(Information supplied Opens)

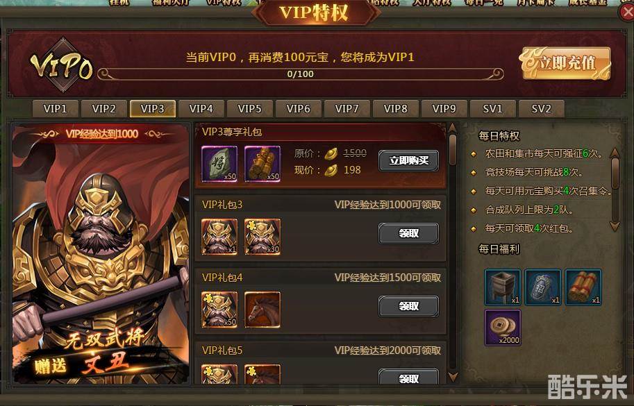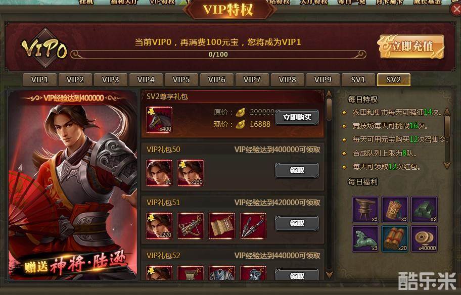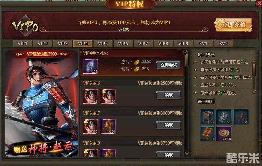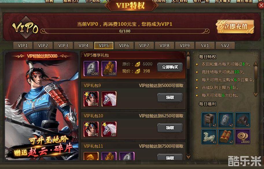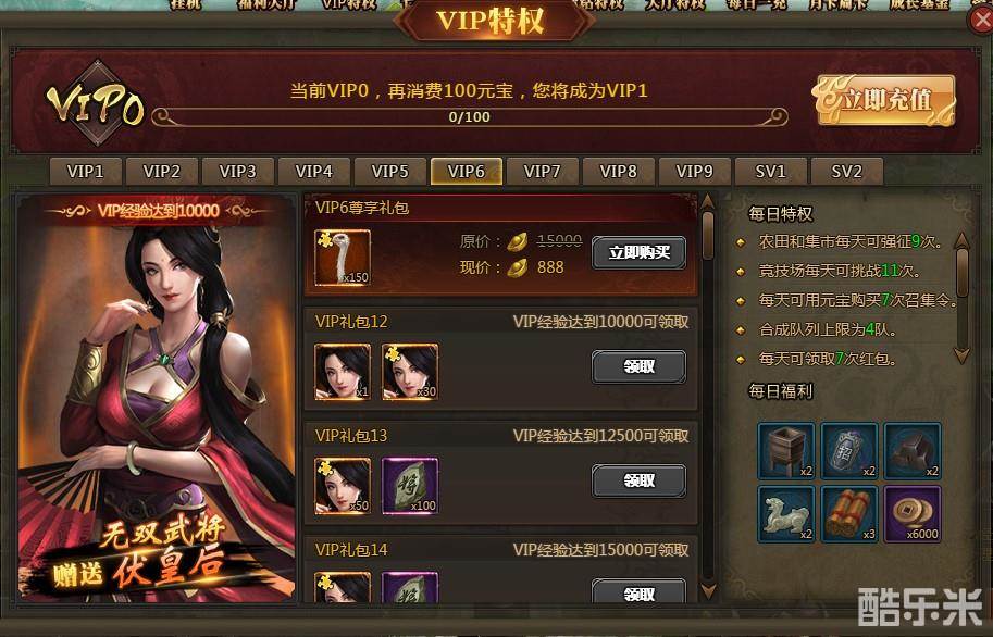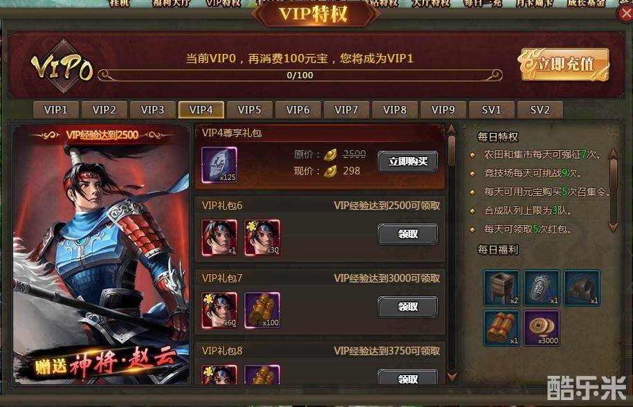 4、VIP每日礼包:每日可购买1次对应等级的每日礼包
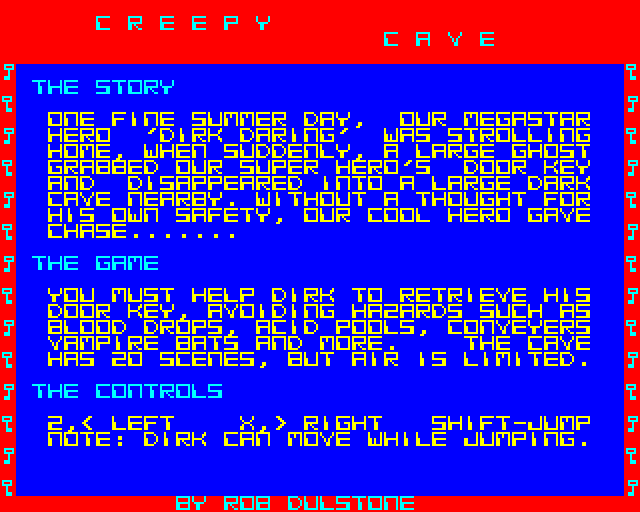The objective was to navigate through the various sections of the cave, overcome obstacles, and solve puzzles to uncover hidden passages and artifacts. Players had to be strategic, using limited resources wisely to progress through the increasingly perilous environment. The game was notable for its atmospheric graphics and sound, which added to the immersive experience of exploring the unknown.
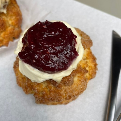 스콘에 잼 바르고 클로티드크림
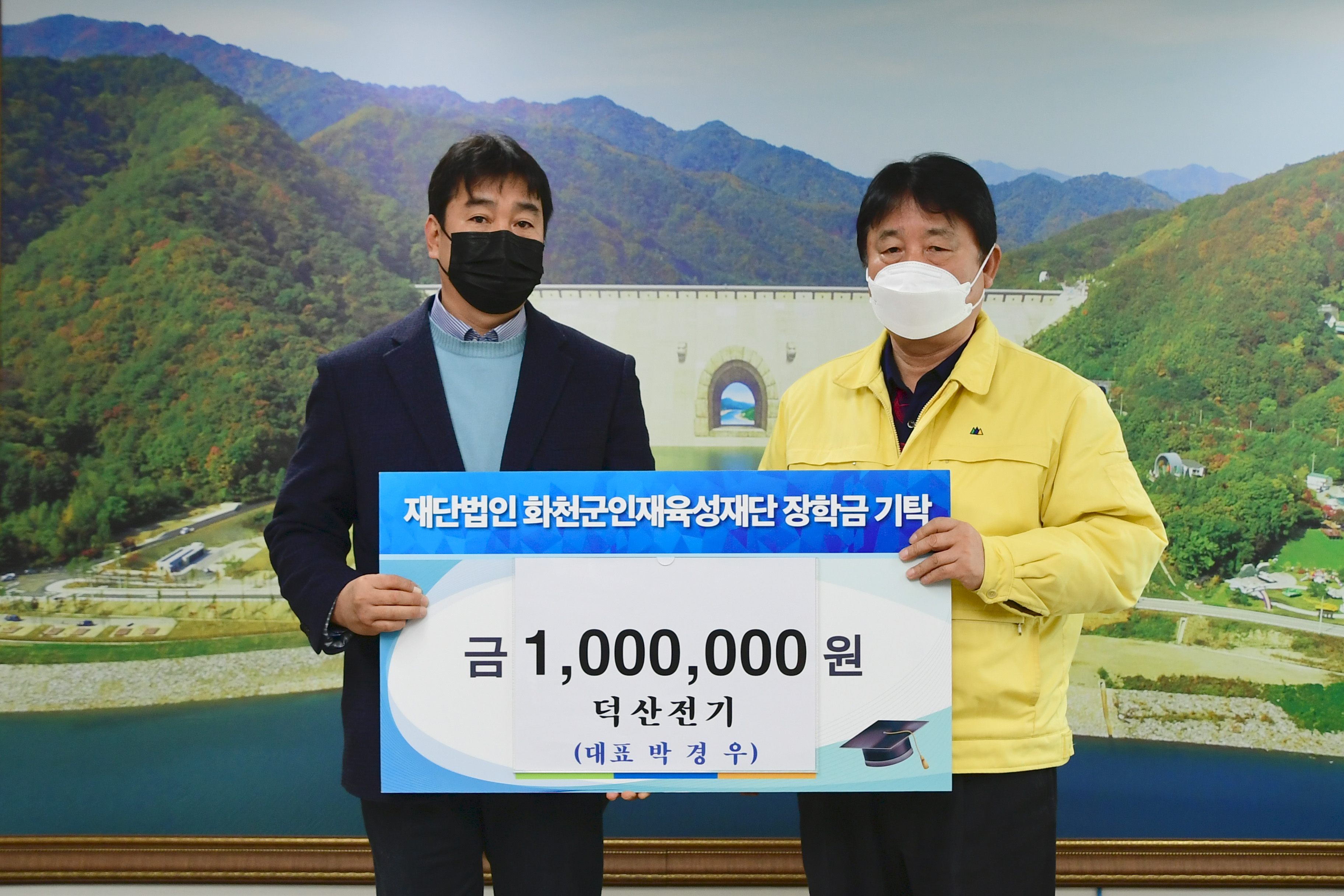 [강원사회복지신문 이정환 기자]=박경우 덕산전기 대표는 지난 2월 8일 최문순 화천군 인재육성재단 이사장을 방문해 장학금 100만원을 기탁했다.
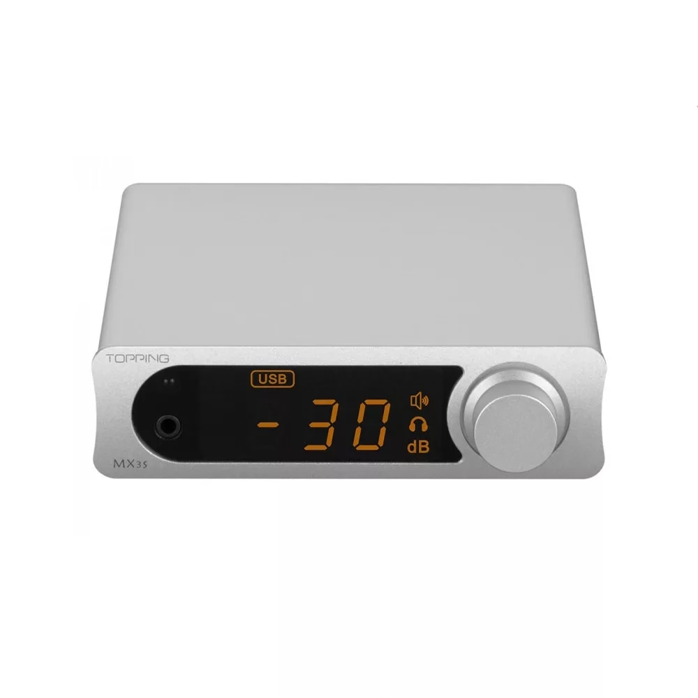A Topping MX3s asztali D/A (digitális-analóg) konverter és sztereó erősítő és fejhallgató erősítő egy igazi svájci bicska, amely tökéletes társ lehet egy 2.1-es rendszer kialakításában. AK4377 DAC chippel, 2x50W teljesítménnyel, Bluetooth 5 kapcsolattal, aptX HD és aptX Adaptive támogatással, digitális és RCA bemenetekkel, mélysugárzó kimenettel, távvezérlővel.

(Information supplied Closes)
(Information supplied Opens)

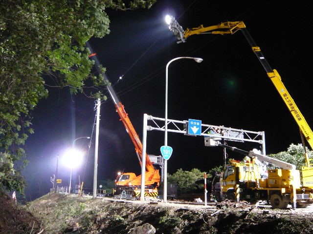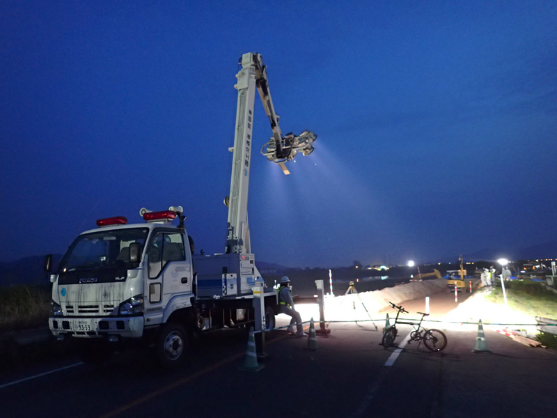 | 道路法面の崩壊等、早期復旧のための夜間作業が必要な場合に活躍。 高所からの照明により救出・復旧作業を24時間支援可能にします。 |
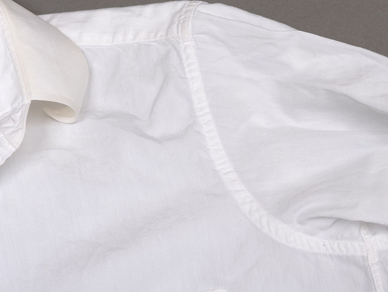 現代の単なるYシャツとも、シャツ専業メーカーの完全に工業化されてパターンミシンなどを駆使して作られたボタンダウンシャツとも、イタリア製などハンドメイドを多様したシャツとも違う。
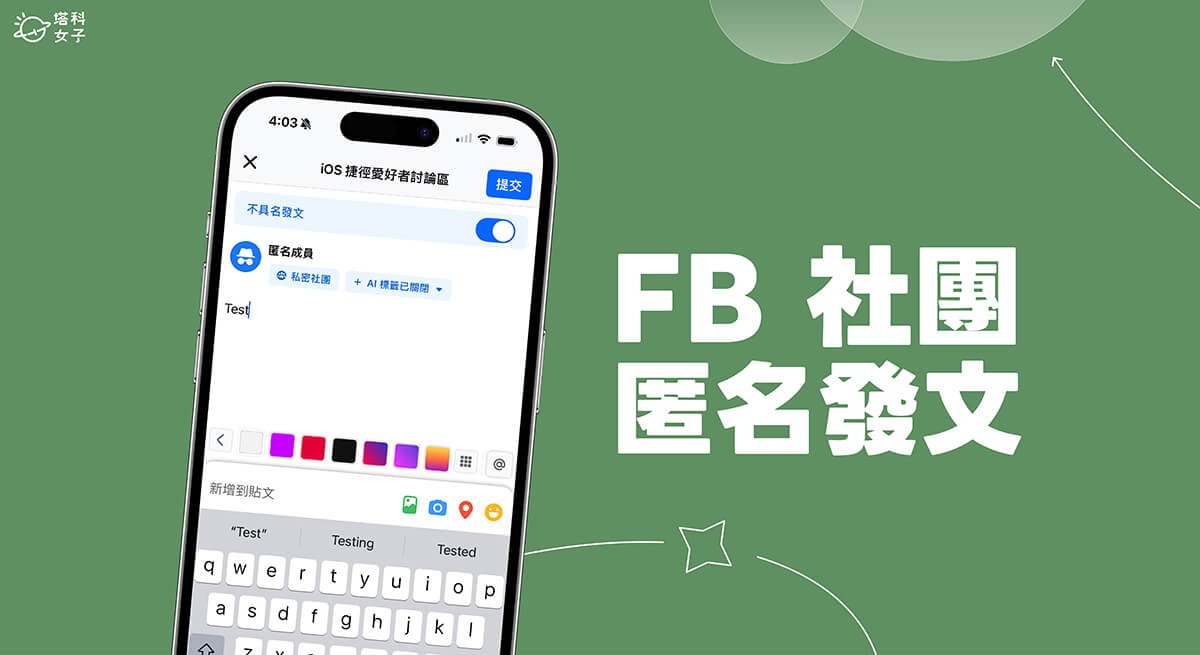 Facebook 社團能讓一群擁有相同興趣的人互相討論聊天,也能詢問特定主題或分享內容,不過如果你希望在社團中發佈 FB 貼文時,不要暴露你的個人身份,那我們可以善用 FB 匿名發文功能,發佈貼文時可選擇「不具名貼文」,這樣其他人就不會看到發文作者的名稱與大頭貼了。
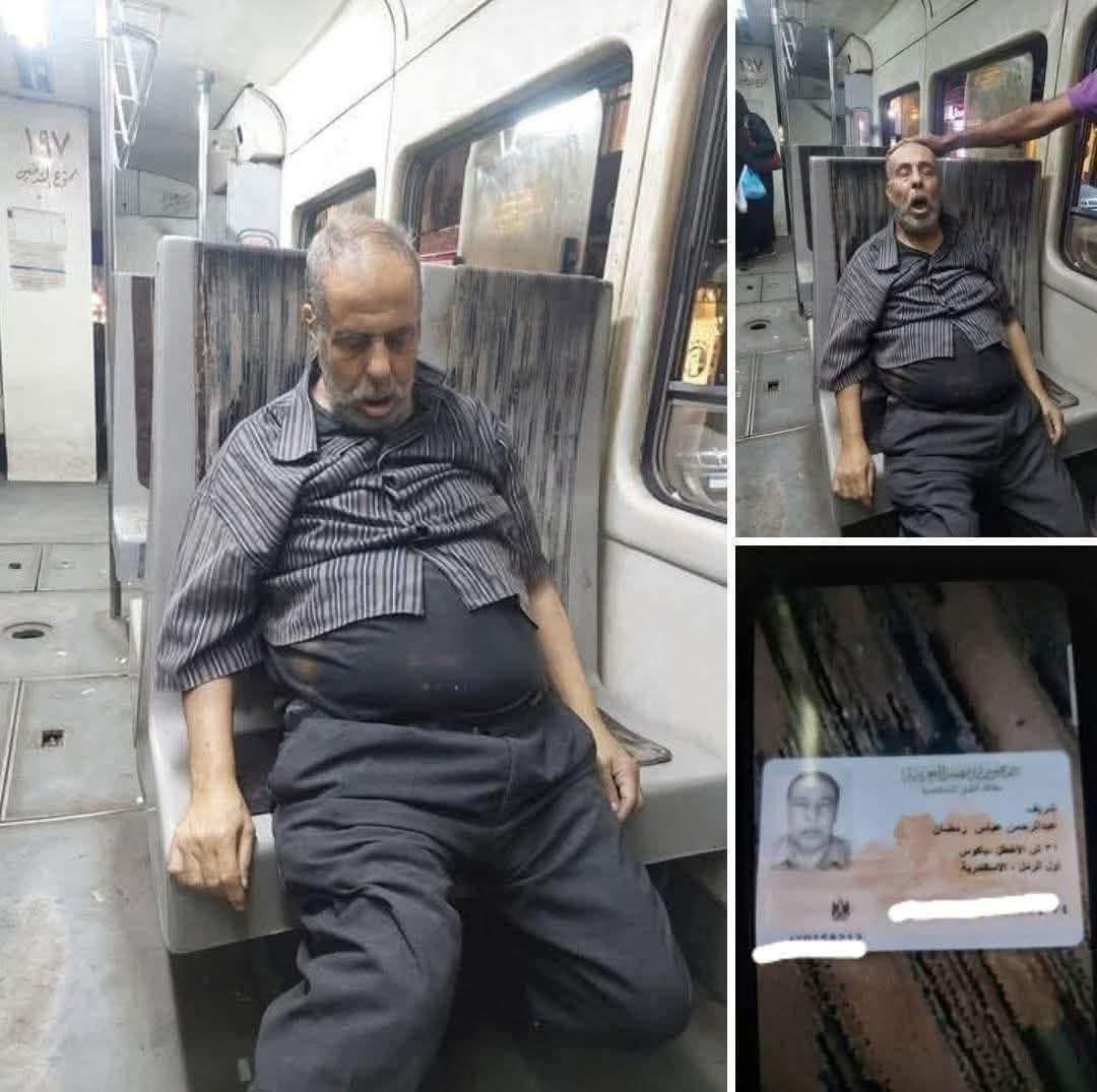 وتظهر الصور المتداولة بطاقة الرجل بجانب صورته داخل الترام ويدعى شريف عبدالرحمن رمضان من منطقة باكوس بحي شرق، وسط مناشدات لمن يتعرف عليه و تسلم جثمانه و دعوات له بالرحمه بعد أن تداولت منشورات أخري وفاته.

(Information supplied Closes)
(Information supplied Opens)

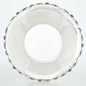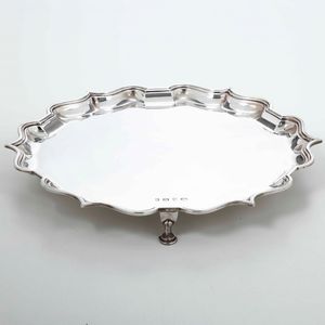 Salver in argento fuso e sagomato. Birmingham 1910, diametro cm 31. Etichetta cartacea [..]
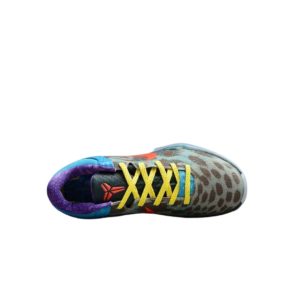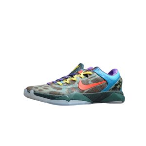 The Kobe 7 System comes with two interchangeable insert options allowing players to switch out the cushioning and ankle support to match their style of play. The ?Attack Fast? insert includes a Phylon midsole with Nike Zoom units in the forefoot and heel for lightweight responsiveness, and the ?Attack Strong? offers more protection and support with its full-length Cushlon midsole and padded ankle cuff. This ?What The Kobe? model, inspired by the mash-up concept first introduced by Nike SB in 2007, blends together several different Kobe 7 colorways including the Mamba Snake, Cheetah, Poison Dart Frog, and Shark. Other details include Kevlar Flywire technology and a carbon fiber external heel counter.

(Information supplied Closes)

• [The task]: Copy only this from above: the line containing "4、VIP每日礼包:每日可购买1次对应等级的每日礼包", the line containing "스콘에 잼 바르고 클로티드크림", and all lines between, printed exactly. Leave out the pictures.

• [Exercise answer]:
 4、VIP每日礼包:每日可购买1次对应等级的每日礼包
The objective was to navigate through the various sections of the cave, overcome obstacles, and solve puzzles to uncover hidden passages and artifacts. Players had to be strategic, using limited resources wisely to progress through the increasingly perilous environment. The game was notable for its atmospheric graphics and sound, which added to the immersive experience of exploring the unknown.
 스콘에 잼 바르고 클로티드크림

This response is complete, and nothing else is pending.